■ **Activity**: Nothing in the data should change when you return it, but leave the pictures out.

■ **Data below**:
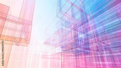 Wall mural abstract 3d wireframe structure of a website layout, futuristic web development visualization, digit - Wall murals Wall mural abstract 3d wireframe structure of a website layout, futuristic web development visualization, digit - Wall murals
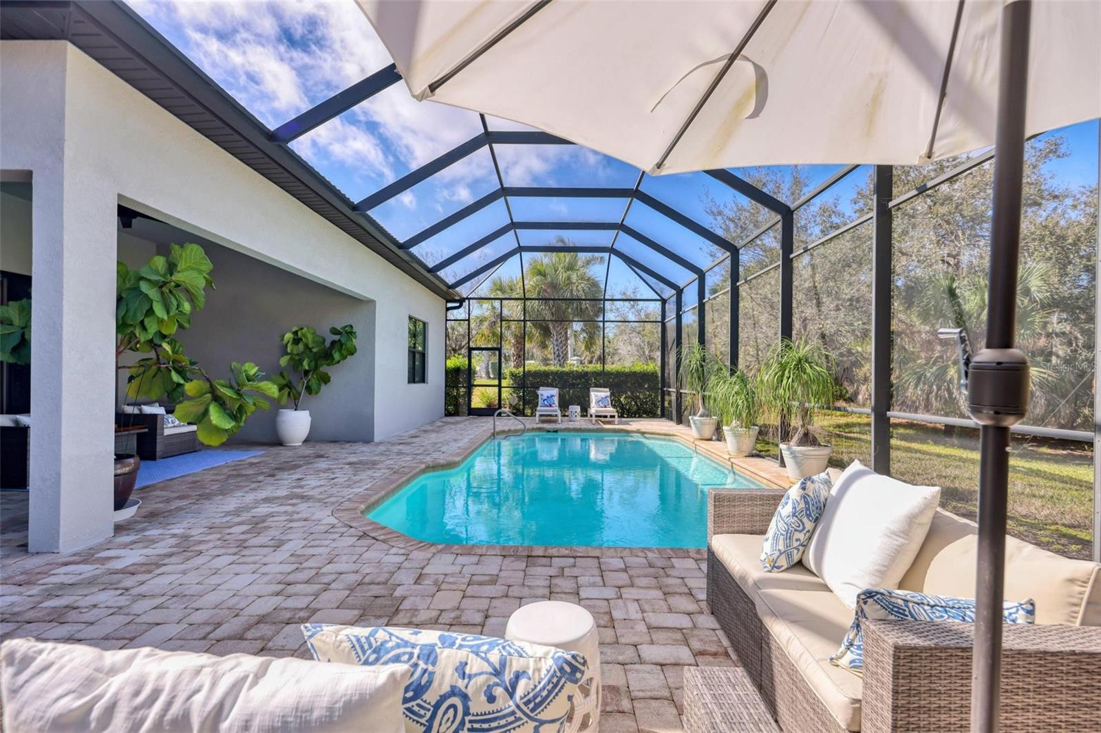 On a premium cul-de-sac lot, next to a large open lot of greenspace, this upgraded Pinnacle shows true pride of ownership! Loaded with features including zero-corner glass sliders, hurricane impact windows, high ceilings, crown moldings, tray and coffered ceilings, bump-out bay window, plantation shutters, custom California Closet built-ins and more. The gourmet kitchen with a natural gas cooktop has an oversized quartz island and stainless steel KitchenAid appliances. Elegant exterior living space with a totally private custom pool is enclosed in an oversized screen cage with expansive dining and sunbathing spaces. An extended three-car garage could accommodate all your toys. Hammock Preserve sits on 80 acres of beautiful land in Palmer Ranch. Residents enjoy an active lifestyle in the expansive Clubhouse with a Community Room for scheduled events, Library and Meeting Rooms, Fitness Center, Catering Kitchen and Bahama Bar, Heated Lap Pool and Spa, Fire Pit and 2 Poolside Grills. The furry members of your family will love meeting friends at the Dog Park; youll make your own friends playing Bocce, Tennis or Pickle Ball!
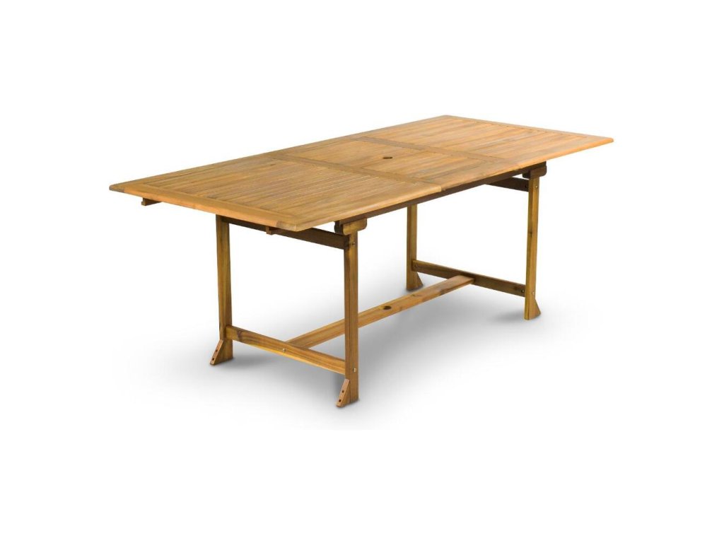 Skladací stôl jednoduchej a praktickej konštrukcie. Drevený záhradný stôl môžete skladať a rozkladať podľa potreby. Výhodou stola je otvor na slnečník, ktorý bráni priamemu slnečnému žiareniu.
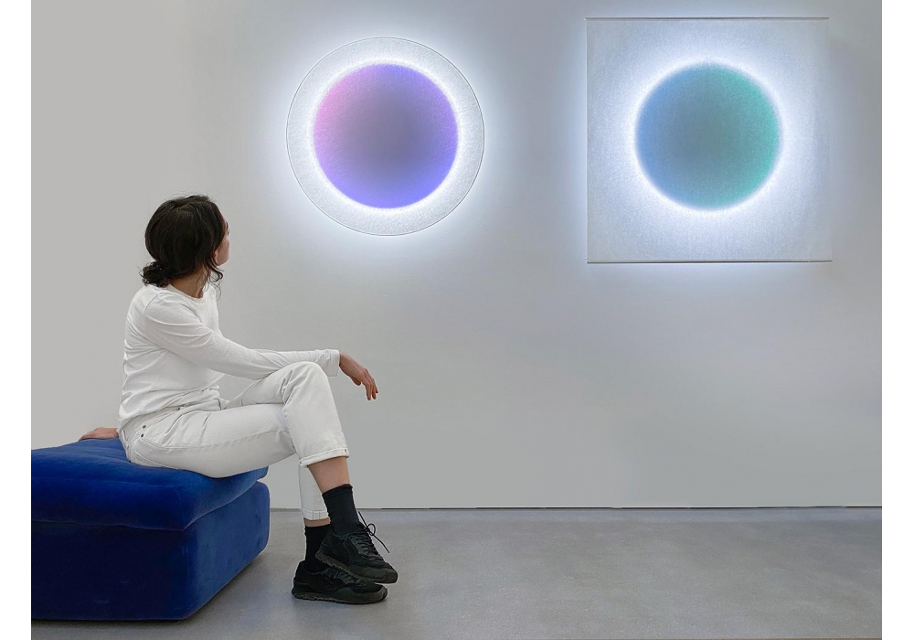 Moodmoon designed by Sebastian Hepting for Ingo Maurer is a LED wall lamp, available in different dimensions, round or square. 14 different light moods and color gradients can be selected via an app.

■ **Your solution**:
 Wall mural abstract 3d wireframe structure of a website layout, futuristic web development visualization, digit - Wall murals Wall mural abstract 3d wireframe structure of a website layout, futuristic web development visualization, digit - Wall murals
 On a premium cul-de-sac lot, next to a large open lot of greenspace, this upgraded Pinnacle shows true pride of ownership! Loaded with features including zero-corner glass sliders, hurricane impact windows, high ceilings, crown moldings, tray and coffered ceilings, bump-out bay window, plantation shutters, custom California Closet built-ins and more. The gourmet kitchen with a natural gas cooktop has an oversized quartz island and stainless steel KitchenAid appliances. Elegant exterior living space with a totally private custom pool is enclosed in an oversized screen cage with expansive dining and sunbathing spaces. An extended three-car garage could accommodate all your toys. Hammock Preserve sits on 80 acres of beautiful land in Palmer Ranch. Residents enjoy an active lifestyle in the expansive Clubhouse with a Community Room for scheduled events, Library and Meeting Rooms, Fitness Center, Catering Kitchen and Bahama Bar, Heated Lap Pool and Spa, Fire Pit and 2 Poolside Grills. The furry members of your family will love meeting friends at the Dog Park; youll make your own friends playing Bocce, Tennis or Pickle Ball!
 Skladací stôl jednoduchej a praktickej konštrukcie. Drevený záhradný stôl môžete skladať a rozkladať podľa potreby. Výhodou stola je otvor na slnečník, ktorý bráni priamemu slnečnému žiareniu.
 Moodmoon designed by Sebastian Hepting for Ingo Maurer is a LED wall lamp, available in different dimensions, round or square. 14 different light moods and color gradients can be selected via an app.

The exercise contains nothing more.